### Description of the task
Repeat every line below exactly, word for word.

Records drawn from a dataset
------------
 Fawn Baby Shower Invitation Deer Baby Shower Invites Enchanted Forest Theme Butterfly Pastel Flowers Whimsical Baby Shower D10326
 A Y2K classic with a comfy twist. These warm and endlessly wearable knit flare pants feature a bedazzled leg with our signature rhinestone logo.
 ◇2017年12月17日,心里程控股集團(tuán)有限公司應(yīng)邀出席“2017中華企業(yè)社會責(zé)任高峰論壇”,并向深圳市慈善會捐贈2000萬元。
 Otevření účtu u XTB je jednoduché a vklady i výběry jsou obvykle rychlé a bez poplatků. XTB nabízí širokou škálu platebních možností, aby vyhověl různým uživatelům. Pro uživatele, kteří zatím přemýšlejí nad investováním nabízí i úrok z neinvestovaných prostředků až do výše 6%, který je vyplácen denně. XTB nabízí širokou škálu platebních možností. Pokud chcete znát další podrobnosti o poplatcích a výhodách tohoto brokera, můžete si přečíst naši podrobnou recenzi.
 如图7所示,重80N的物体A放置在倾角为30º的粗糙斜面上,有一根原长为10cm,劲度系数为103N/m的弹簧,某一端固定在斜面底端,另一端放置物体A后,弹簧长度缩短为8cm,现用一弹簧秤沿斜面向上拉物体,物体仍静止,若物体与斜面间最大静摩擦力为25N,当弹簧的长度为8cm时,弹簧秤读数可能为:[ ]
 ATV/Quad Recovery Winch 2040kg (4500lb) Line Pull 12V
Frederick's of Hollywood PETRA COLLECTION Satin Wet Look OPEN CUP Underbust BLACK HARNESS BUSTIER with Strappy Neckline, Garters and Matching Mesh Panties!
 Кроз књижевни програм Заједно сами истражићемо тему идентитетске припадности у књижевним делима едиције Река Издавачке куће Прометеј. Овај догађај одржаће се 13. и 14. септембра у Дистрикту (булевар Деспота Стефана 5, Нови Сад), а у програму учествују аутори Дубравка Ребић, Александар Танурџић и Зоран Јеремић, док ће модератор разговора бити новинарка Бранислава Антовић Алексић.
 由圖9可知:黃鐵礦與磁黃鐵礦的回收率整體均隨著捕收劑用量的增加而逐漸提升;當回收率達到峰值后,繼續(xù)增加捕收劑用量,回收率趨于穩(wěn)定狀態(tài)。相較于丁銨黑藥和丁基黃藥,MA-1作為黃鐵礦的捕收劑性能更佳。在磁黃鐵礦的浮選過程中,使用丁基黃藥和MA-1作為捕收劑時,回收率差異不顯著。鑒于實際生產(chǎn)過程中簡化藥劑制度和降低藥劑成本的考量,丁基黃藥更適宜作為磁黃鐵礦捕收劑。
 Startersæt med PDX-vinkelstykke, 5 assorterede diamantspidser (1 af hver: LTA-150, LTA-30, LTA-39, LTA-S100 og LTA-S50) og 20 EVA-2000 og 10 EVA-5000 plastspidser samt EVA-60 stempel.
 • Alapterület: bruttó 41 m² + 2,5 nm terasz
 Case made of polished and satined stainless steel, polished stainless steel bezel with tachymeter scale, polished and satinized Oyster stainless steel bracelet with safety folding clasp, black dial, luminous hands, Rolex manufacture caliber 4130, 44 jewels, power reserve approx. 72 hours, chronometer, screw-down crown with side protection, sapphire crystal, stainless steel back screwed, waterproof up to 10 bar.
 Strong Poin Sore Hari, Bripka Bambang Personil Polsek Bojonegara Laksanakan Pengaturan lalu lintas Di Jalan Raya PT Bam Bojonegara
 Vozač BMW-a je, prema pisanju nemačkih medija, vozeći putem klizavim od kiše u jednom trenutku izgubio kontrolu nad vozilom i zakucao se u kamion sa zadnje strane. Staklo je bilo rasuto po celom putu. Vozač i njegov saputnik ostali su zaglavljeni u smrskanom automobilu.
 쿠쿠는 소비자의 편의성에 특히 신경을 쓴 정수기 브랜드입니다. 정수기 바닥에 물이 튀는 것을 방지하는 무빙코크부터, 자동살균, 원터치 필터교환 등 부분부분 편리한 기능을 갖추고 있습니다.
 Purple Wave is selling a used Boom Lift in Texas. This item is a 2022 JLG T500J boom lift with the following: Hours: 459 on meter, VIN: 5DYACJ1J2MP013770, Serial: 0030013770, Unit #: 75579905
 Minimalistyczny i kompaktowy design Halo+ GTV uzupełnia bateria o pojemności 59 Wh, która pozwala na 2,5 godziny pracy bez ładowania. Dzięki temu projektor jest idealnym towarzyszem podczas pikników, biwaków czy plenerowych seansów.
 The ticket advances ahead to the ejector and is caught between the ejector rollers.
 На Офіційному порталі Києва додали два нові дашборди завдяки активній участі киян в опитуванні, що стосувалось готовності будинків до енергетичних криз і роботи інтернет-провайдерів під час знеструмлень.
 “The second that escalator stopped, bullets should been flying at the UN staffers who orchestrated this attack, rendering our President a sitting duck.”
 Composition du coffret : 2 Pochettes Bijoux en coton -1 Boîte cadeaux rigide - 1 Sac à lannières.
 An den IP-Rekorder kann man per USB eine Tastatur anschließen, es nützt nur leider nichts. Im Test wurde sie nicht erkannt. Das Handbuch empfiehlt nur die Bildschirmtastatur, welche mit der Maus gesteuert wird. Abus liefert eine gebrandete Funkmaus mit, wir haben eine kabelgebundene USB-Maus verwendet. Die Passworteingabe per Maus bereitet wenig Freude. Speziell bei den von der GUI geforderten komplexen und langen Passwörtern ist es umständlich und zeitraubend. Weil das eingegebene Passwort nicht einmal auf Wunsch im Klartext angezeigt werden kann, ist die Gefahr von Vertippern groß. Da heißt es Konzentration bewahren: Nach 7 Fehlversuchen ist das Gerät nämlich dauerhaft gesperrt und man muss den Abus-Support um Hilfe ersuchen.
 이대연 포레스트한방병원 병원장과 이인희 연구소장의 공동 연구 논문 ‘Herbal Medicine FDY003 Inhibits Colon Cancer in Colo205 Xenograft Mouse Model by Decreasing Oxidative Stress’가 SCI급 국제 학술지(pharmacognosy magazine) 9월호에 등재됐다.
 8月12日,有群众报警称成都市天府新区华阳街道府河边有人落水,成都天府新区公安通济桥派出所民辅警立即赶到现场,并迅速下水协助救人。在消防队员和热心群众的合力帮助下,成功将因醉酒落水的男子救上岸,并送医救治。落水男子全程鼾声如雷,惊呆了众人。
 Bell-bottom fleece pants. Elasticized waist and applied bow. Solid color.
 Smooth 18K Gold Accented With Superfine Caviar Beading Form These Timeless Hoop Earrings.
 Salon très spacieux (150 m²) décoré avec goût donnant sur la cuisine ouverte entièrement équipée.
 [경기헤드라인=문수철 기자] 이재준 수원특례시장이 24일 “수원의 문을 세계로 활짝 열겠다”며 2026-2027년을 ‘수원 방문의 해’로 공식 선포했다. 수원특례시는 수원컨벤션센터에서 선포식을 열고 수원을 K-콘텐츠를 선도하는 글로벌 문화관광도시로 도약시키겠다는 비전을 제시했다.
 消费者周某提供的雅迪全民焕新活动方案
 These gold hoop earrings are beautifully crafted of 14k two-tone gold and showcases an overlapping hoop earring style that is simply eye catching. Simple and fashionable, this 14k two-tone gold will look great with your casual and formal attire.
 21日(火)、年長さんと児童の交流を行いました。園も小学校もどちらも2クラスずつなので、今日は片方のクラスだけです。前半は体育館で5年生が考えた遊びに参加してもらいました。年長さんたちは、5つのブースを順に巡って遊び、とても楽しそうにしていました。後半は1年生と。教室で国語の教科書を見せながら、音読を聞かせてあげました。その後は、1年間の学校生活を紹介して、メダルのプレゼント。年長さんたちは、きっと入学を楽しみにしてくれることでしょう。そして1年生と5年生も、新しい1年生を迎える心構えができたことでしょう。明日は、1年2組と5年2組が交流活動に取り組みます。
------------
### Task response
 Fawn Baby Shower Invitation Deer Baby Shower Invites Enchanted Forest Theme Butterfly Pastel Flowers Whimsical Baby Shower D10326
 A Y2K classic with a comfy twist. These warm and endlessly wearable knit flare pants feature a bedazzled leg with our signature rhinestone logo.
 ◇2017年12月17日,心里程控股集團(tuán)有限公司應(yīng)邀出席“2017中華企業(yè)社會責(zé)任高峰論壇”,并向深圳市慈善會捐贈2000萬元。
 Otevření účtu u XTB je jednoduché a vklady i výběry jsou obvykle rychlé a bez poplatků. XTB nabízí širokou škálu platebních možností, aby vyhověl různým uživatelům. Pro uživatele, kteří zatím přemýšlejí nad investováním nabízí i úrok z neinvestovaných prostředků až do výše 6%, který je vyplácen denně. XTB nabízí širokou škálu platebních možností. Pokud chcete znát další podrobnosti o poplatcích a výhodách tohoto brokera, můžete si přečíst naši podrobnou recenzi.
 如图7所示,重80N的物体A放置在倾角为30º的粗糙斜面上,有一根原长为10cm,劲度系数为103N/m的弹簧,某一端固定在斜面底端,另一端放置物体A后,弹簧长度缩短为8cm,现用一弹簧秤沿斜面向上拉物体,物体仍静止,若物体与斜面间最大静摩擦力为25N,当弹簧的长度为8cm时,弹簧秤读数可能为:[ ]
 ATV/Quad Recovery Winch 2040kg (4500lb) Line Pull 12V
Frederick's of Hollywood PETRA COLLECTION Satin Wet Look OPEN CUP Underbust BLACK HARNESS BUSTIER with Strappy Neckline, Garters and Matching Mesh Panties!
 Кроз књижевни програм Заједно сами истражићемо тему идентитетске припадности у књижевним делима едиције Река Издавачке куће Прометеј. Овај догађај одржаће се 13. и 14. септембра у Дистрикту (булевар Деспота Стефана 5, Нови Сад), а у програму учествују аутори Дубравка Ребић, Александар Танурџић и Зоран Јеремић, док ће модератор разговора бити новинарка Бранислава Антовић Алексић.
 由圖9可知:黃鐵礦與磁黃鐵礦的回收率整體均隨著捕收劑用量的增加而逐漸提升;當回收率達到峰值后,繼續(xù)增加捕收劑用量,回收率趨于穩(wěn)定狀態(tài)。相較于丁銨黑藥和丁基黃藥,MA-1作為黃鐵礦的捕收劑性能更佳。在磁黃鐵礦的浮選過程中,使用丁基黃藥和MA-1作為捕收劑時,回收率差異不顯著。鑒于實際生產(chǎn)過程中簡化藥劑制度和降低藥劑成本的考量,丁基黃藥更適宜作為磁黃鐵礦捕收劑。
 Startersæt med PDX-vinkelstykke, 5 assorterede diamantspidser (1 af hver: LTA-150, LTA-30, LTA-39, LTA-S100 og LTA-S50) og 20 EVA-2000 og 10 EVA-5000 plastspidser samt EVA-60 stempel.
 • Alapterület: bruttó 41 m² + 2,5 nm terasz
 Case made of polished and satined stainless steel, polished stainless steel bezel with tachymeter scale, polished and satinized Oyster stainless steel bracelet with safety folding clasp, black dial, luminous hands, Rolex manufacture caliber 4130, 44 jewels, power reserve approx. 72 hours, chronometer, screw-down crown with side protection, sapphire crystal, stainless steel back screwed, waterproof up to 10 bar.
 Strong Poin Sore Hari, Bripka Bambang Personil Polsek Bojonegara Laksanakan Pengaturan lalu lintas Di Jalan Raya PT Bam Bojonegara
 Vozač BMW-a je, prema pisanju nemačkih medija, vozeći putem klizavim od kiše u jednom trenutku izgubio kontrolu nad vozilom i zakucao se u kamion sa zadnje strane. Staklo je bilo rasuto po celom putu. Vozač i njegov saputnik ostali su zaglavljeni u smrskanom automobilu.
 쿠쿠는 소비자의 편의성에 특히 신경을 쓴 정수기 브랜드입니다. 정수기 바닥에 물이 튀는 것을 방지하는 무빙코크부터, 자동살균, 원터치 필터교환 등 부분부분 편리한 기능을 갖추고 있습니다.
 Purple Wave is selling a used Boom Lift in Texas. This item is a 2022 JLG T500J boom lift with the following: Hours: 459 on meter, VIN: 5DYACJ1J2MP013770, Serial: 0030013770, Unit #: 75579905
 Minimalistyczny i kompaktowy design Halo+ GTV uzupełnia bateria o pojemności 59 Wh, która pozwala na 2,5 godziny pracy bez ładowania. Dzięki temu projektor jest idealnym towarzyszem podczas pikników, biwaków czy plenerowych seansów.
 The ticket advances ahead to the ejector and is caught between the ejector rollers.
 На Офіційному порталі Києва додали два нові дашборди завдяки активній участі киян в опитуванні, що стосувалось готовності будинків до енергетичних криз і роботи інтернет-провайдерів під час знеструмлень.
 “The second that escalator stopped, bullets should been flying at the UN staffers who orchestrated this attack, rendering our President a sitting duck.”
 Composition du coffret : 2 Pochettes Bijoux en coton -1 Boîte cadeaux rigide - 1 Sac à lannières.
 An den IP-Rekorder kann man per USB eine Tastatur anschließen, es nützt nur leider nichts. Im Test wurde sie nicht erkannt. Das Handbuch empfiehlt nur die Bildschirmtastatur, welche mit der Maus gesteuert wird. Abus liefert eine gebrandete Funkmaus mit, wir haben eine kabelgebundene USB-Maus verwendet. Die Passworteingabe per Maus bereitet wenig Freude. Speziell bei den von der GUI geforderten komplexen und langen Passwörtern ist es umständlich und zeitraubend. Weil das eingegebene Passwort nicht einmal auf Wunsch im Klartext angezeigt werden kann, ist die Gefahr von Vertippern groß. Da heißt es Konzentration bewahren: Nach 7 Fehlversuchen ist das Gerät nämlich dauerhaft gesperrt und man muss den Abus-Support um Hilfe ersuchen.
 이대연 포레스트한방병원 병원장과 이인희 연구소장의 공동 연구 논문 ‘Herbal Medicine FDY003 Inhibits Colon Cancer in Colo205 Xenograft Mouse Model by Decreasing Oxidative Stress’가 SCI급 국제 학술지(pharmacognosy magazine) 9월호에 등재됐다.
 8月12日,有群众报警称成都市天府新区华阳街道府河边有人落水,成都天府新区公安通济桥派出所民辅警立即赶到现场,并迅速下水协助救人。在消防队员和热心群众的合力帮助下,成功将因醉酒落水的男子救上岸,并送医救治。落水男子全程鼾声如雷,惊呆了众人。
 Bell-bottom fleece pants. Elasticized waist and applied bow. Solid color.
 Smooth 18K Gold Accented With Superfine Caviar Beading Form These Timeless Hoop Earrings.
 Salon très spacieux (150 m²) décoré avec goût donnant sur la cuisine ouverte entièrement équipée.
 [경기헤드라인=문수철 기자] 이재준 수원특례시장이 24일 “수원의 문을 세계로 활짝 열겠다”며 2026-2027년을 ‘수원 방문의 해’로 공식 선포했다. 수원특례시는 수원컨벤션센터에서 선포식을 열고 수원을 K-콘텐츠를 선도하는 글로벌 문화관광도시로 도약시키겠다는 비전을 제시했다.
 消费者周某提供的雅迪全民焕新活动方案
 These gold hoop earrings are beautifully crafted of 14k two-tone gold and showcases an overlapping hoop earring style that is simply eye catching. Simple and fashionable, this 14k two-tone gold will look great with your casual and formal attire.
 21日(火)、年長さんと児童の交流を行いました。園も小学校もどちらも2クラスずつなので、今日は片方のクラスだけです。前半は体育館で5年生が考えた遊びに参加してもらいました。年長さんたちは、5つのブースを順に巡って遊び、とても楽しそうにしていました。後半は1年生と。教室で国語の教科書を見せながら、音読を聞かせてあげました。その後は、1年間の学校生活を紹介して、メダルのプレゼント。年長さんたちは、きっと入学を楽しみにしてくれることでしょう。そして1年生と5年生も、新しい1年生を迎える心構えができたことでしょう。明日は、1年2組と5年2組が交流活動に取り組みます。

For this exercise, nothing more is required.